**TASK STATEMENT**.
Print the data verbatim. Leave every image out.

**DATASET SECTION**.
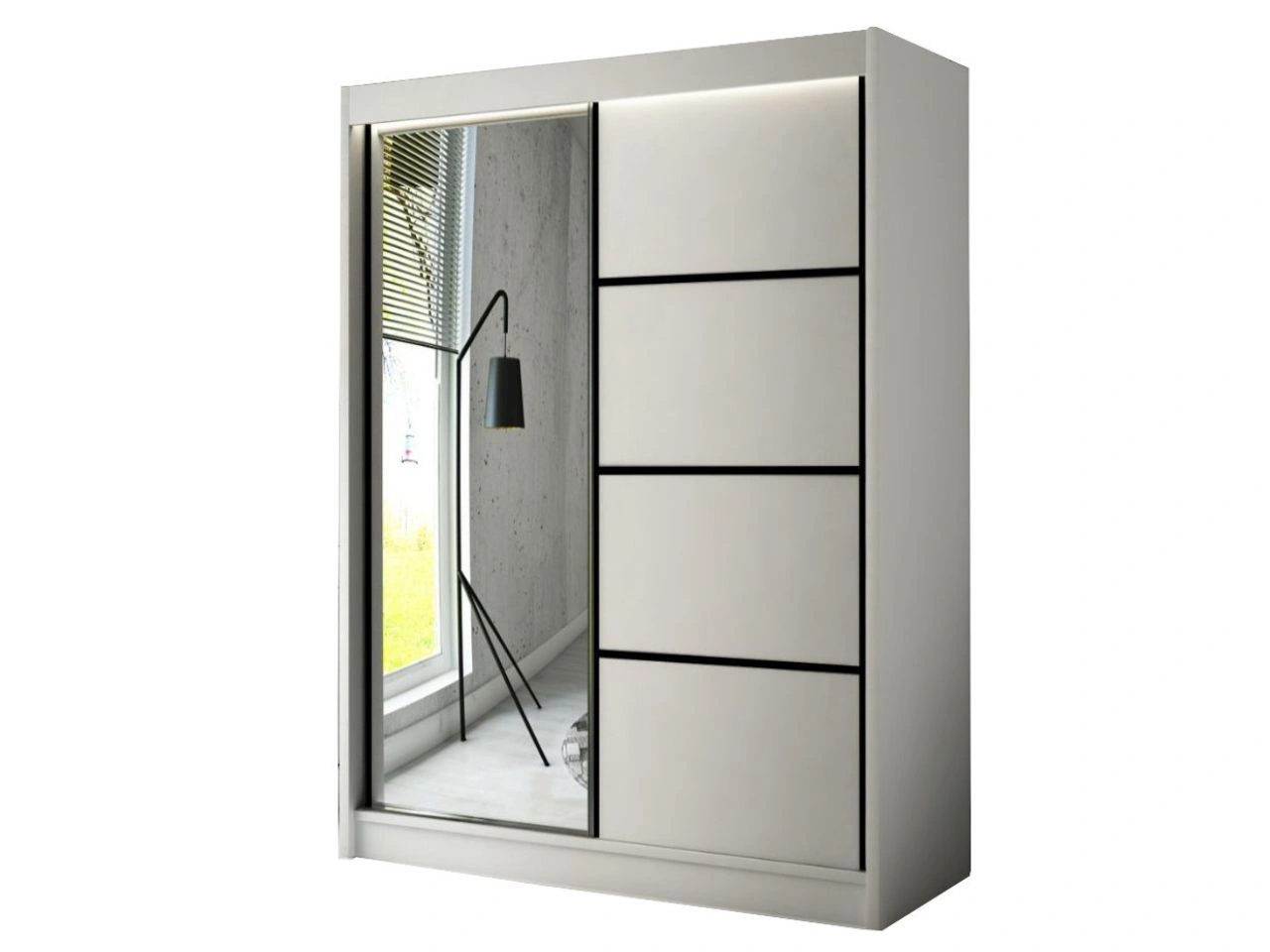 Szafa przesuwna z lustrem 150 cm z oświetleniem LED Portel Biała
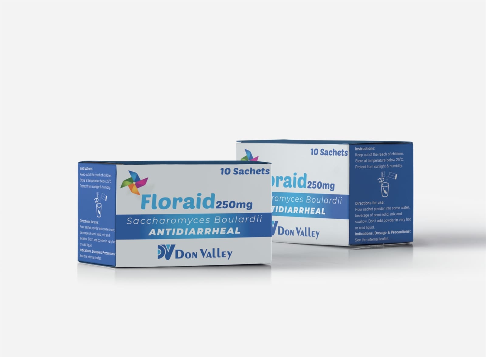 | 10 | FlorAid Sachets | Each Sachet contains: Saccharomyces boulardi (SB)………………...…..250mg | 10's |
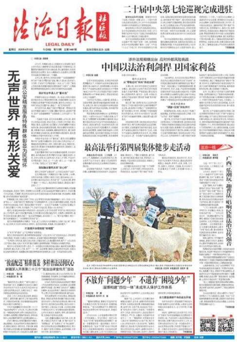寓教于乐,让未成年人在耳濡目染中增强法治意识。近年来,淄博市坚持党委政府领导、市委政法委统筹,积极构建前端治理、宣传引导、分级干预、依法惩处“四位一体”的未成年人保护工作体系。“对侵害未成年人权益、诱发未成年人违法犯罪的行为零容忍、严打击、全整治,对困境中的未成年人‘一对一’精准帮扶,对罪错未成年人强化专门教育矫治与分级干预,我们齐心协力织密未成年人安全防护网。”淄博市委副书记、政法委书记杨旭东接受《法治日报》记者采访时说。2025年,淄博市未成年人刑事案件同比下降13.68%,未成年人保护和预防犯罪工作取得显著成效。
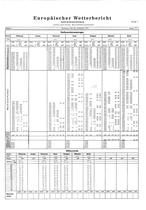 Europäischer Wetterbericht. Beilage 1, Bodenwettermeldungen. 1976-1994

**SOLUTION TO THIS EXERCISE**.
 Szafa przesuwna z lustrem 150 cm z oświetleniem LED Portel Biała
 | 10 | FlorAid Sachets | Each Sachet contains: Saccharomyces boulardi (SB)………………...…..250mg | 10's |
寓教于乐,让未成年人在耳濡目染中增强法治意识。近年来,淄博市坚持党委政府领导、市委政法委统筹,积极构建前端治理、宣传引导、分级干预、依法惩处“四位一体”的未成年人保护工作体系。“对侵害未成年人权益、诱发未成年人违法犯罪的行为零容忍、严打击、全整治,对困境中的未成年人‘一对一’精准帮扶,对罪错未成年人强化专门教育矫治与分级干预,我们齐心协力织密未成年人安全防护网。”淄博市委副书记、政法委书记杨旭东接受《法治日报》记者采访时说。2025年,淄博市未成年人刑事案件同比下降13.68%,未成年人保护和预防犯罪工作取得显著成效。
 Europäischer Wetterbericht. Beilage 1, Bodenwettermeldungen. 1976-1994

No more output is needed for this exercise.